Penn State’s NCAA Sanctions: The Impact On The Athletics Department

Yesterday, the NCAA levied what many consider to be unprecedented penalties upon Penn State.  Including within the NCAA’s sanctions, was the imposing of a $60 million fine to be paid by Penn State over the next five years.  This $60 million figure is clearly large, leading some to believe that while the NCAA did not impose the “death penalty” upon the football program, it nonetheless intended to decimate it.

How though, will the $60 million fine actually impact the operations of Penn State’s football program and the Penn State athletics department?  In the grand scheme of Division I athletics, Penn State has posted impressive revenues in recent years.  For 2010-11, the most recent year for which Department of Education data is available, Penn State’s athletics department reported total revenues of $116,118,026.00.  The athletics department also reported expenses of $84,498,339.00.  While many athletics directors will note that the numbers reported to the Department of Education are not inclusive of every cost incurred by an athletics department, these figures at least give some idea as to the type of budget Penn State’s athletics department is operating under.

That being said, it is arguable that at least when considering the Department of Education data, having to shell out on average $12 million per year over the next five years to comply with the NCAA’s sanctions is not going to destroy Penn State athletics.  However, the story is not that simple.  One has to take into consideration the multitude of budgetary factors Penn State’s athletics department is likely now facing as a result of the NCAA sanctions.  Along with losing sponsors like State Farm and facing a possible credit downgrade by Moody’s, Penn State athletics likely now has to rework its budget to determine where the $60 million is going to come from.

Frank Hardymon is the Associate Athletic Director – CFO at Georgia Tech.  While he can only explain the budget planning process engaged in at Georgia Tech, he notes, “I would guess our methods of planning and budgeting are similar to those utilized by other institutions.”  This planning begins the spring prior to the July 1 start of the fiscal year, when the upcoming year’s budget is completed.  “In our case, nearly every dollar which we project receiving is accounted for in the budget,” Hardymon noted.

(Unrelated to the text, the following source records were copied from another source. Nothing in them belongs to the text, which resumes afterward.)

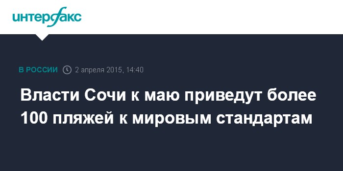 Москва. 2 апреля. INTERFAX.RU - Власти Сочи к началу летнего курортного сезона намерены привести к мировым стандартам 112 пляжей для отдыха и оздоровления горожан и гостей курорта.
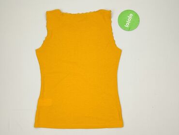 Top bez rękawów House Basic - Marka: House Basic - Rozmiar: XS - Krój: dopasowany, bez rękawów - Dekolt: okrągły, z delikatnie falowanym wykończeniem przy dekolcie i pachach - Kolor: intensywny żó...Stan:
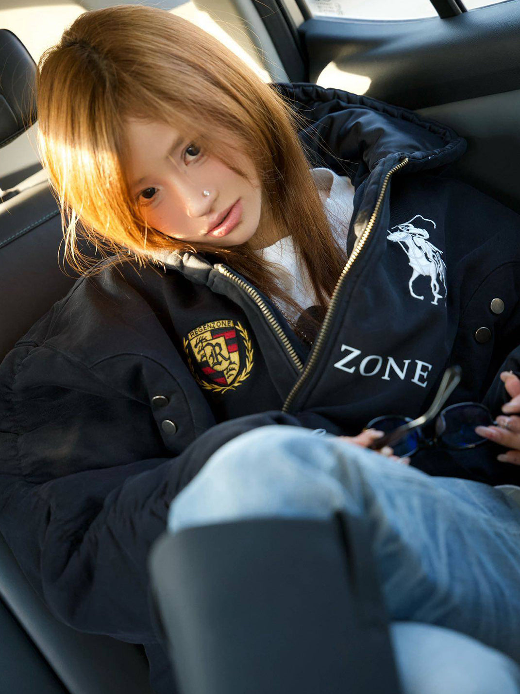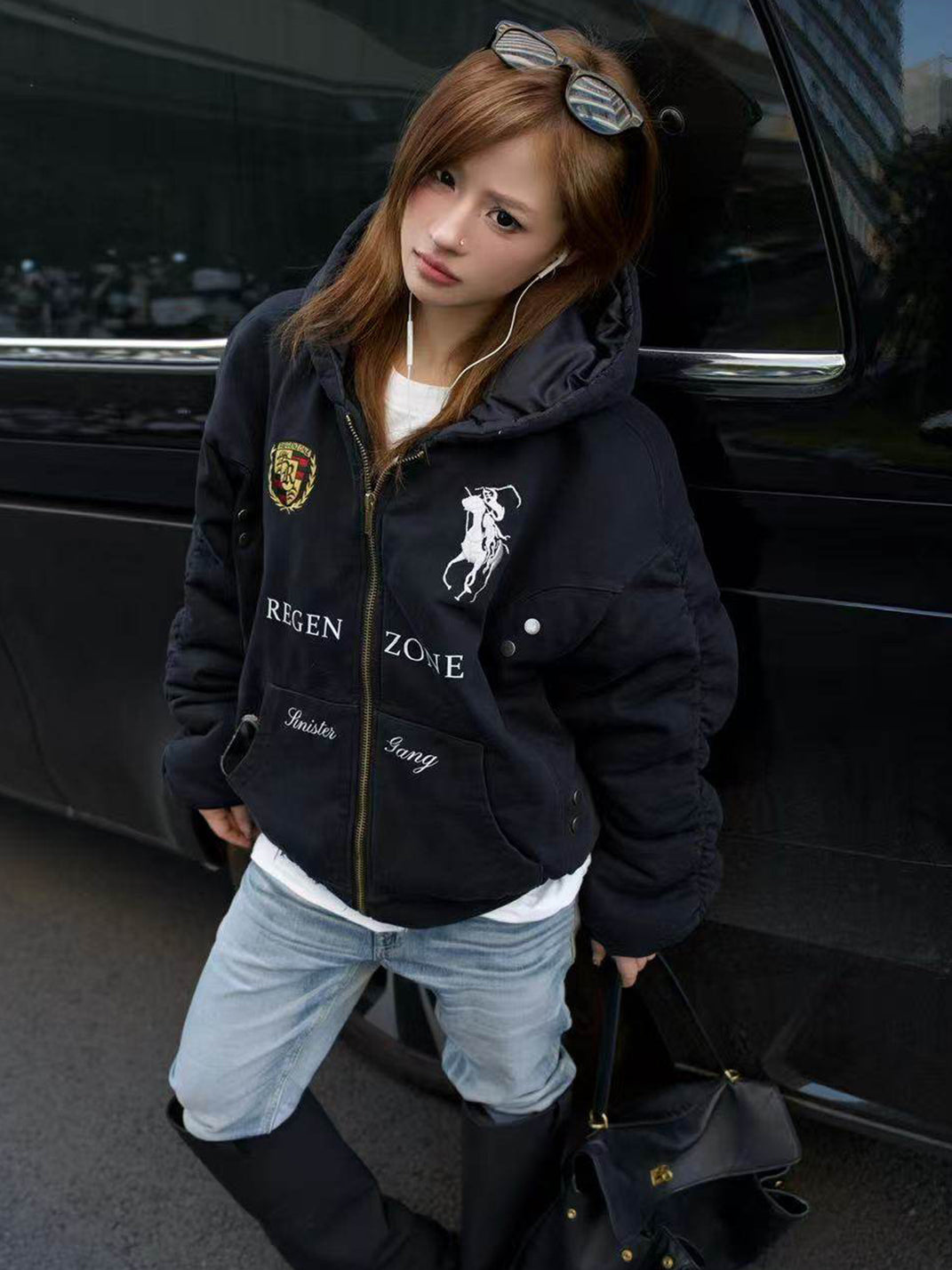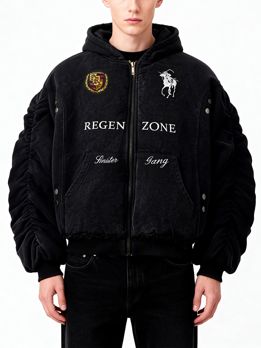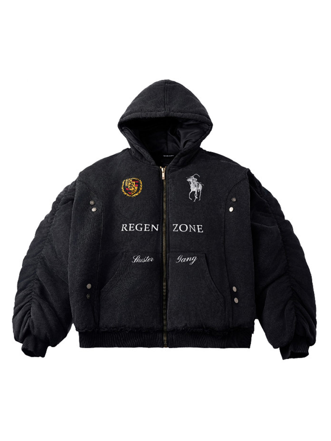 REGEN ZONE | Gold-Plated Vintage Racing Embroidered Hooded Jacket
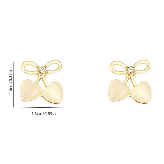 Aerba 2pcs Hollow Bow Heart Cat Eye Stone Stud Earrings
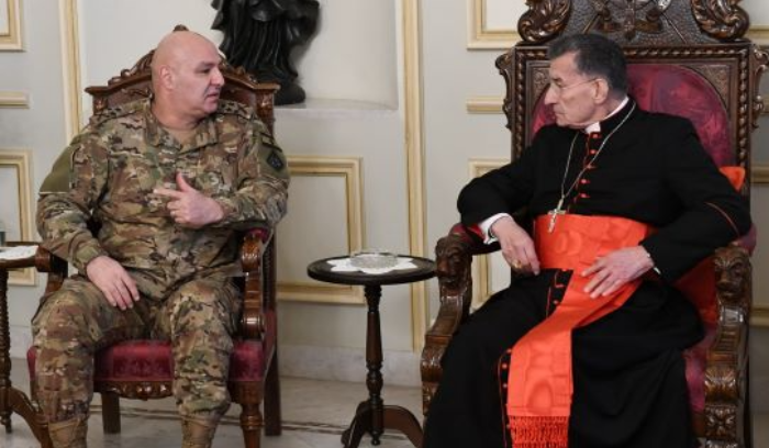 قبل ان يجول على رئيسي مجلس النواب نبيه بري وحكومة تصريف الاعمال نجيب ميقاتي اليوم، استهل قائد الجيش العماد جوزف عون صباحا من الصرح البطريركي في بكركي واجتمع مع البطريرك الماروني الكاردينال مار بشارة بطرس الراعي،فقدم له التهانئ بالعيد ثم عقد معه خلوة تناولا خلالها المستجدات الامنية في البلاد.
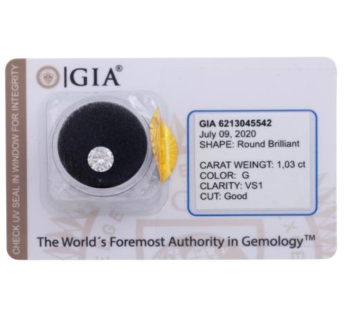 <span class='ref_item'>72 -</span> <span class="object_title">DIAMANTE NATURAL 1.03CT</span>  <p><span class="technical_description">Diamante natural en talla brillante, dentro de un blíster sellado. Se adjunta certificado GIA nº 6213045542, con sus características:<br/>Peso: 1.03ct<br/>Color: G<br/>Pureza: VS1</span><br></p>
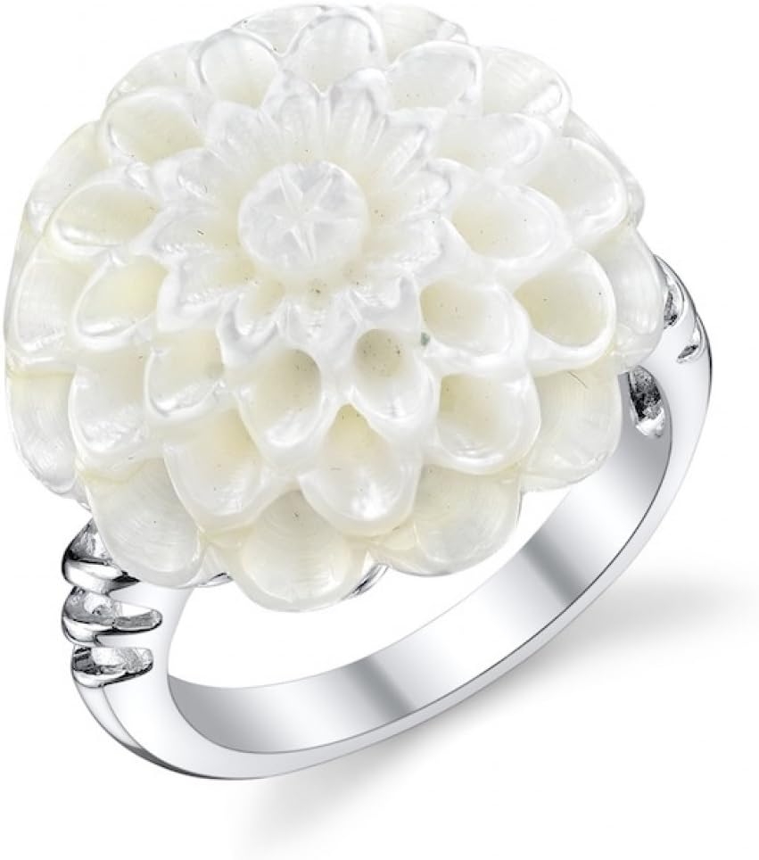 This beautiful pearl ring would be the perfect gift for any occasion. The ring features a AAA Quality White Mother of Pearl piece. The flower is mounted on a high quality sterling silver band. This item comes packaged in a beautiful jewelry box with an official genuine cultured pearl guarantee.
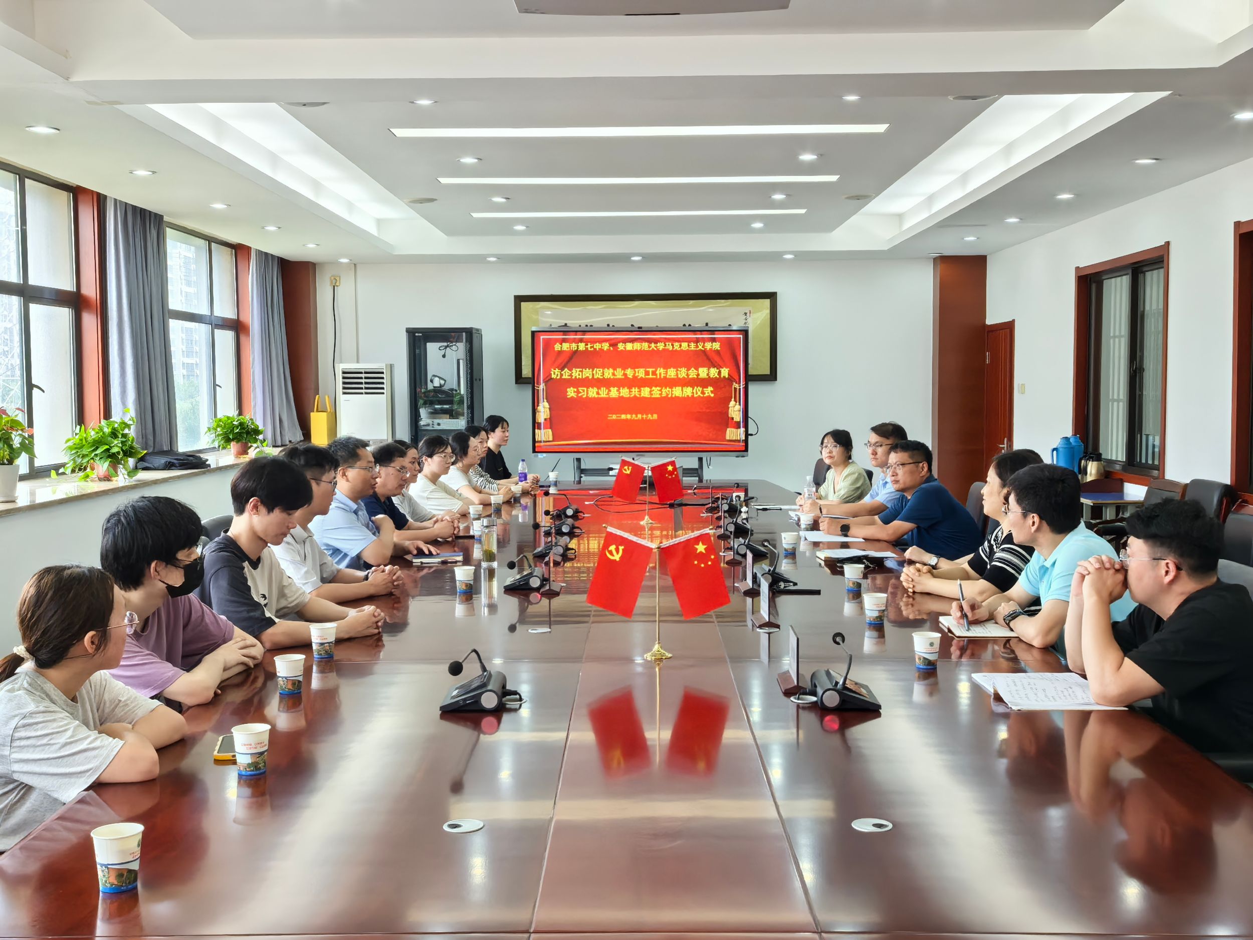 合肥七中党委书记胡晨、各职能处室负责人热情接待接待了赵冰副经理等人一行。胡晨简要介绍了合肥七中的基本情况,讲述了合肥七中的办学历史、团队力量以及教学成果,尤其重点介绍了作为beet365官方网站重要生源地之一,与师大之间的深厚渊源。赵冰副经理简要介绍了公司和思想政治教育专业的基本情况,尤其介绍了公司“优师计划”专项员工的培养方案和目标,并希望院校双方能够共同在师范生培养和锻炼方面培育出更多情怀深厚、技能高超的未来团队力量。陶永华教授在发言中围绕员工实习的相关安排和要求,强调本次实习对于“优师计划”员工而言是一堂“提高课”,希望各位实习生踏实学习,认真对待,借助合肥七中优质的平台和资源为即将迈入教师行列打下扎实的基础。
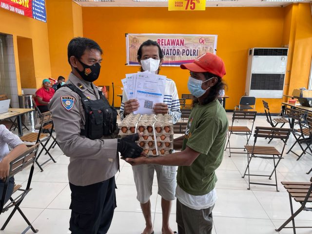 Hadir dalam kegiatan Panit Min Binmas Polsek Abepura Ipda Taufiq Rahim, relawan vaksinator Dr. Filumena B Putri dan Tenaga Kesehatan (Nakes).

Likely, a similar circumstance exists at Penn State.  While the Department of Education arguably demonstrates that the athletics department is operating with a surplus, many athletics directors are quick to note that is not the case, as not every expense an athletics department incurs is reported to the Department of Education.  As such, Penn State is likely looking towards contingency provisions in its budget to gather the money by which to pay the $60 million fine.  “We build in as much contingency as we can every year; some years we may have close to $500,000.00 in contingency factors into the budget, other years that amount is quite a bit less,” Hardymon said.

It is unknown whether Penn State’s athletics department had any contingencies built into its budget.  If so, it is highly unlikely that the contingency amount would allow for the payment of a $60 million fine.  As such, Penn State will likely have to scrape from other areas of its budget to pay the imposed fine.  Areas in which Penn State could cut from its budget would likely be from recruiting expenses, travel costs and future coaching salaries.  However, the most likely area in which Penn State could draw from is facility improvements.  While the department will have to continue paying under the loan terms for already existing improvements, it is unlikely that the athletics department will undertake any new building during the time period in which the fine is being paid.  Hardymon noted, “We also maintain a detailed five-year income projection which we update frequently.  That analysis factors in projected facility improvements needed during those five years.”

Overall, the financial sanction imposed upon Penn State by the NCAA is indeed a blow to the athletics department.  However, given Penn State’s apparent athletics revenue along with proper budgeting moving forward during the next five years, it is likely that the athletics department will be able to continue to function financially.

One thought on “Penn State’s NCAA Sanctions: The Impact On The Athletics Department”

  1. In the grand scheme of things, $60 million over five years isn’t a large amount, especially for a school whose football program brings in nearly double that amount each year. I’m mainly concerned for the non-revenue sports at Penn State, especially with the imposed fine and, likely, a decrease in income, which alters the budget projections.